The assembly consisting of two F/Fs and two gates is called a gate control F/F. The block diagram
of a digital frequency meter is shown in Fig. 6.7.

The input signal is amplifi ed and converted to a square wave by a Schmitt trigger circuit. In this diagram,
the square wave is differentiated and clipped to produce a train of pulses, each pulse separated by the period
of the input signal. The time base selector output is obtained from an oscillator and is similarly converted
into positive pulses.
The first pulse activates the gate control F/F. This gate control F/F provides an enable signal to the AND
gate. The trigger pulses of the input signal are allowed to pass through the gate for a selected time period
and counted. The second pulse from the decade frequency divider changes the state of the control F/F and
removes the enable signal from the AND gate, thereby closing it. The decimal counter and display unit
output corresponds to the number of input pulses received during a precise time interval; hence the counter
display corresponds to the frequency.

4.3.3 High Frequency Measurement (Extending the Frequency Range)

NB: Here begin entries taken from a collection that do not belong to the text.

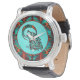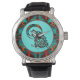 Dies ist eine einzigartige "One of a Kind" Tribal Wolf Watch! Es hat einen Südweststamm Wolf Howling am Mond auf einem türkisfarbenen Hintergrund ...umgeben von einer türkisfarbenen, orangen und schwarzen Grenze! Original Art Design von Künstler Kerry Miller.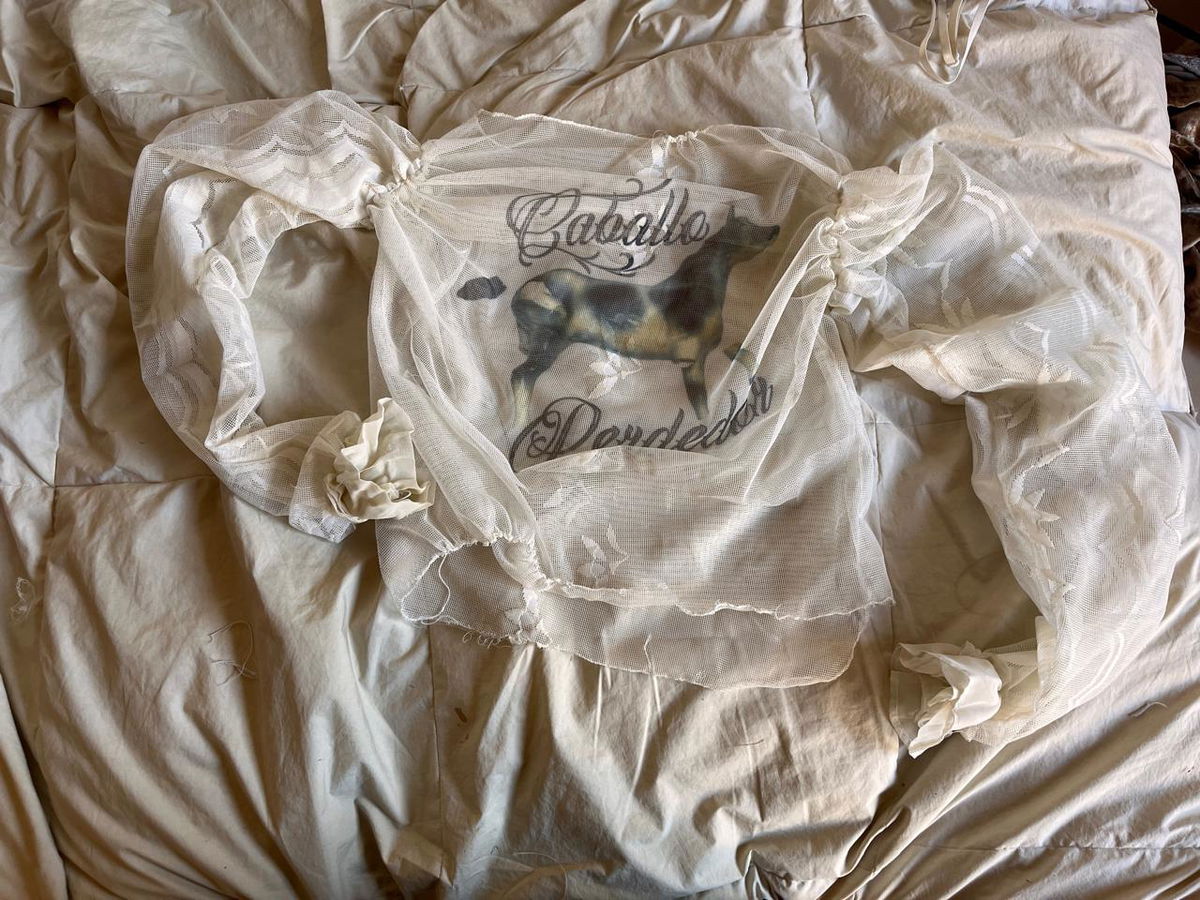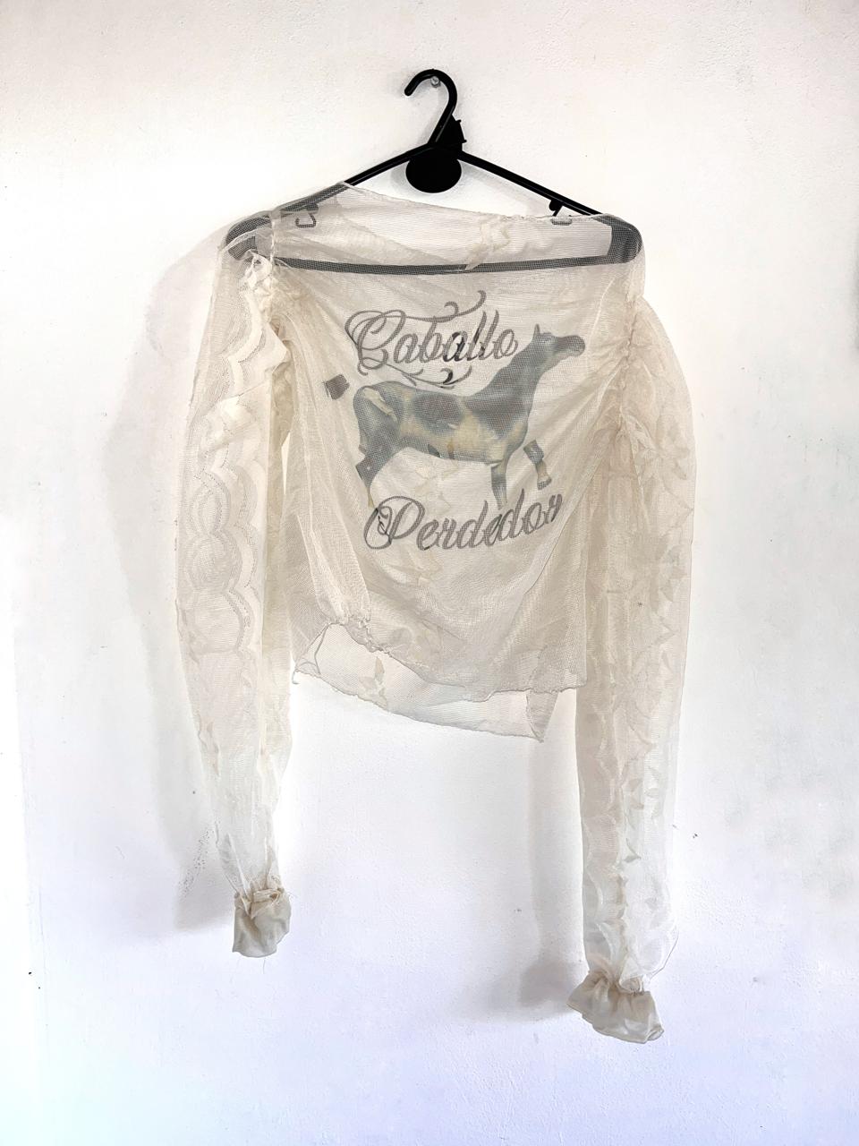 remera talle M hecha con cortina vintage reciclada
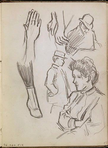 Études de personnages et études (mains en pavillon et mains sur les genoux) pour une annonce de la Cie d'Auvents des Marchands Ltée de Montréal, de la série des « Lutins »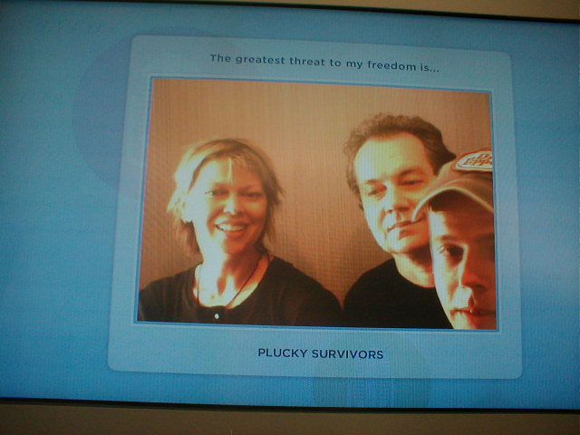 Guests were also encouraged to make a ten second video responding to the question of your choice; Plucky Survivors picked “The greatest threat to freedom is…” (our answer; that everyone seems to have a different definition of the word, and that many consider it an object rather than a concept), thus joining the likes of Donald Rumsfeld, Jimmy Carter, and our New Best Friend Barack Obama, who had previously done the same. It was an excellent way to finish up our latest epic trip.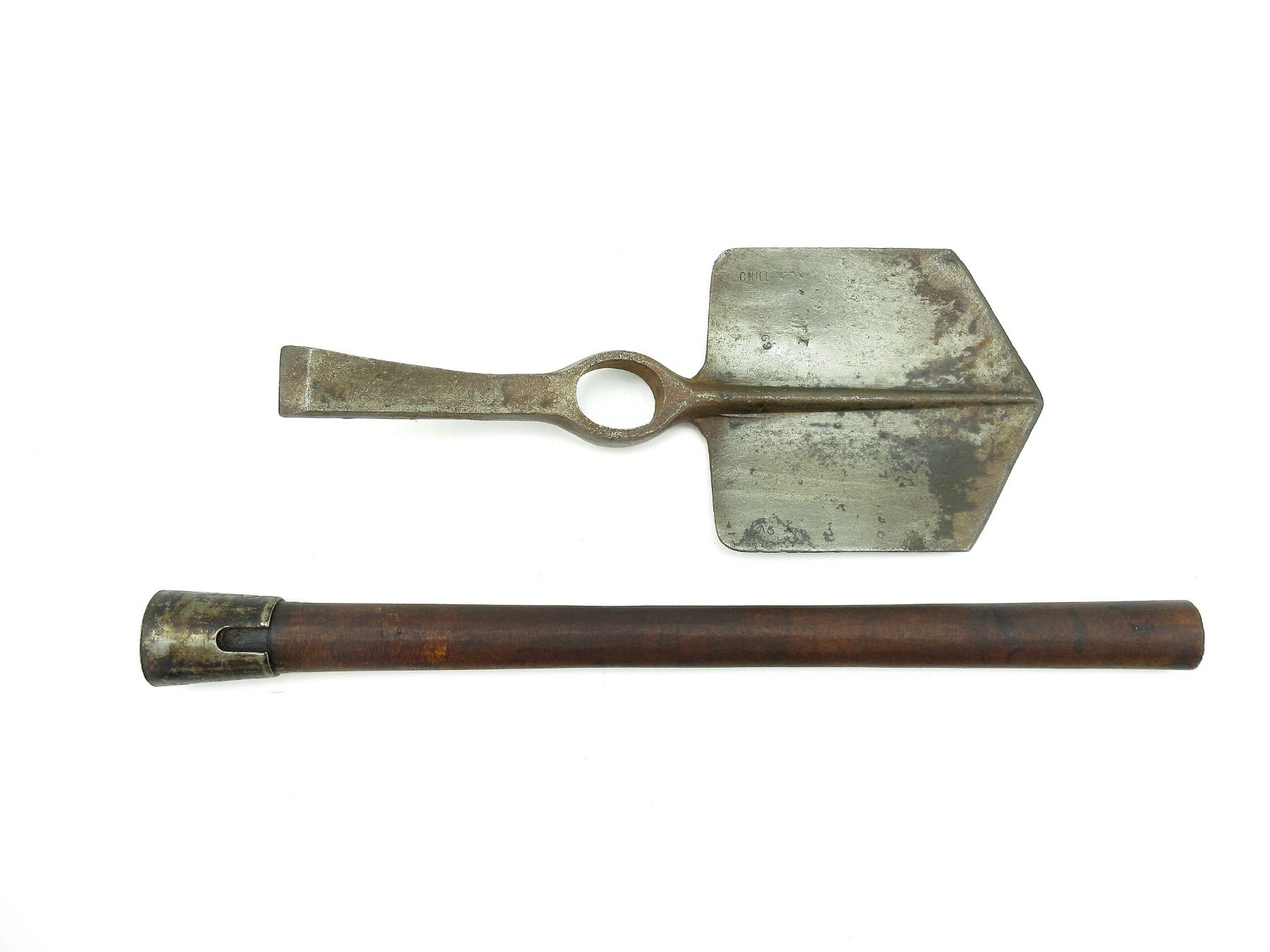 LOT INCLUDES; (1) STEEL TOOL HEAD, SPADE ON ONE SIDE / PICK ON THE OTHER, MARKED: "CHILLINGTON, 1918", "69", "I" & BROAD ARROW "5", APPROX. 5" W, OAL APPROX. 12.25" & (1) WOOD HELVE WITH STEEL, HANDLE MARKED WITH C-BROAD ARROW, "1" & "0", OAL APPROX. 16 5/8". SEE PHOTOS.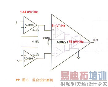 噪声是仪表放大器的一个重要指标,现在很多运放都具有非常低的噪声系数,如果要求更低的噪声,则可以采用分立设计方法构建仪表放大器。然而这需要花费很大的精力来设计、布局和调试,而得到的共模抑制比又低于单芯片仪表放大器。图6所示的混合设计节省了设计时间和电路板空间,同时得到了与单芯片仪表放大器同样好的共模抑制性能。
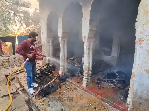 लक्ष्मणगढ़ में घर में लगी आग:घरेलू सामान और अनाज जला, मंदिर गई थी मकान मालकिन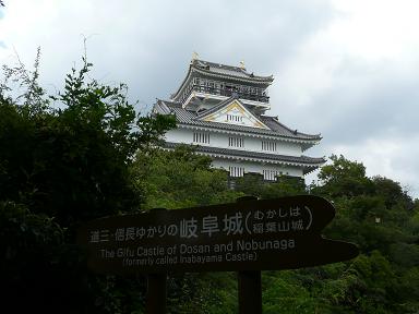 看板には「道三・信長ゆかりの岐阜城」とある。

The direct count range of digital frequency meter (DFM) extends from dc to a few 100 MHz. The
limitations arises because of the counters used along with the DFM. The counters cannot count at the
speed demanded by high frequency measurement.
This range of a few 100 MHz covers only a small portion of the frequency spectrum. Therefore,
techniques other than direct counting have been used to extend the range of digital frequency meters to
above 40 GHz. The input frequency is reduced before it is applied to a digital counter. This is done by
special techniques. Some of the techniques used are as follows.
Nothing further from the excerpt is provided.